Inside these squares, single T cells taken from HIV-infected patients interact with infected cells. This technology, developed by MIT chemical engineers, offers the first way to study how effectively individual T cells respond to HIV-infected cells. Image: Navin Varadarajan |
One of the obstacles
to developing an effective AIDS vaccine is the difficulty in measuring how well
a potential vaccine primes the body to defend itself against HIV.
Ideally, scientists
would like their vaccines to provoke T cells, a critical component of the
immune response, to recognize and kill HIV-infected cells. Unfortunately, there
is no fast and easy way to monitor whether T cells are actually doing that.

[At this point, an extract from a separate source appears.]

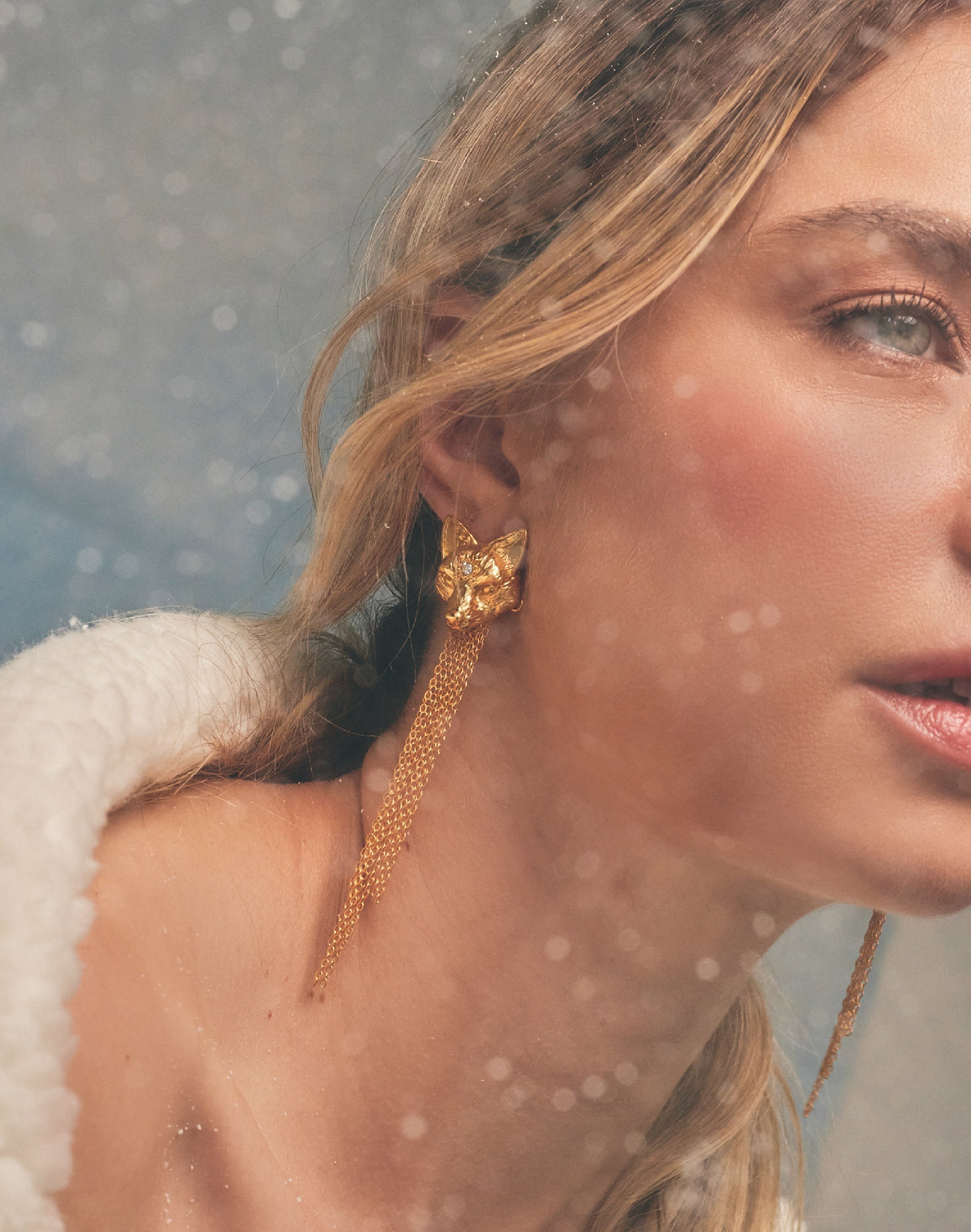Pendientes Wolf Atrévete a brillar con estos pendientes que traen autenticidad tu look. Una cara de lobo cuidadosamente detallada con cadenas que cuelgan, creando un efecto dinámico y cautivador. Para quienes saben que los mejores accesorios son aquellos que cuentan una historia.

Instead, researchers measure the amount of a protein called interferon gamma
that T cells secrete when they encounter an infected cell. Studies have shown,
however, that this “surrogate” measurement doesn’t necessarily predict a T
cell’s ability to kill HIV-infected cells.
In an advance that
could overcome that obstacle, a team of researchers at the Massachusetts
Institute of Technology (MIT) has developed a new technology that can measure
multiple aspects of individual T cells’ responses to HIV-infected cells,
including their ability to kill them. The technology could make it easier to
monitor and design vaccines against HIV, says J. Christopher Love, the Latham
Family Career Development Associate Professor of Chemical Engineering and
leader of the research team.
The technology, described in a paper published in the Journal of
Clinical Investigation, involves two steps. First, the researchers place
single T cells taken from HIV-infected patients into tiny wells on a plate, where
they are exposed to HIV-infected cells. The researchers can detect whether the
T cells kill the infected cells with probes that glow when the dying cells’

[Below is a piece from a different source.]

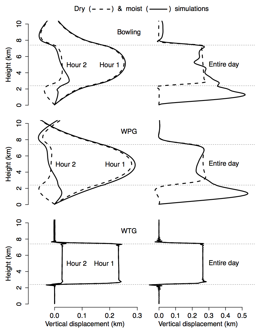 Net vertical displacements (integrals over time of vertical velocity) for a benchmark bowling-alley simulation (top row), WPG (middle row), and WTG (bottom row). The left column shows the net displacements generated during the first and second hours to give a sense of the temporal evolution of the column. The right column gives the net displacement during the entire day. Dashed curves are from dry simulations and solid curves are from simulations containing lower-tropospheric humidity.

nuclei become compromised.
Next, the researchers
measure interferon gamma production with a microengraving technique they
developed in 2008. Secretions from each cell are imprinted on a glass
slide, which can then be tested for the presence of specific proteins. Because
each cell has its own “address” on the slide, the secretions can be traced back
to individual cells, and their interferon gamma production can be correlated
directly to their cell-killing ability.
The same technology
could be adapted to measure cells’ output of any other immune system protein.
In this study, the
researchers found that while the percentage of T cells that secrete interferon
gamma is similar to the percentage of those that kill infected cells, the
populations are not identical. In future studies, the researchers hope to find
markers that do correlate with cell-killing ability, making it easier to
evaluate a potential vaccine’s effectiveness.
“Now that we have a
tool to look directly at a variety of different functional activities, you can
go in and start to evaluate other markers that may be better predictors of
killing. Those then become what you would want to monitor in vaccine trials,”
says Love, who is also a member of the Ragon Institute of MGH, MIT and Harvard
and the David H. Koch Institute for Integrative Cancer Research at MIT.
“The appeal of this
technology is that it can help us understand more about what’s going on in
single cells,” says Alan Landay, professor of immunology and microbiology at Rush Medical
College. “It helps us
rethink what we understand about immunology and immune function.”
More research will be
needed to develop the technology to the point where it can be used routinely in
vaccine trials for large-scale studies of patient samples.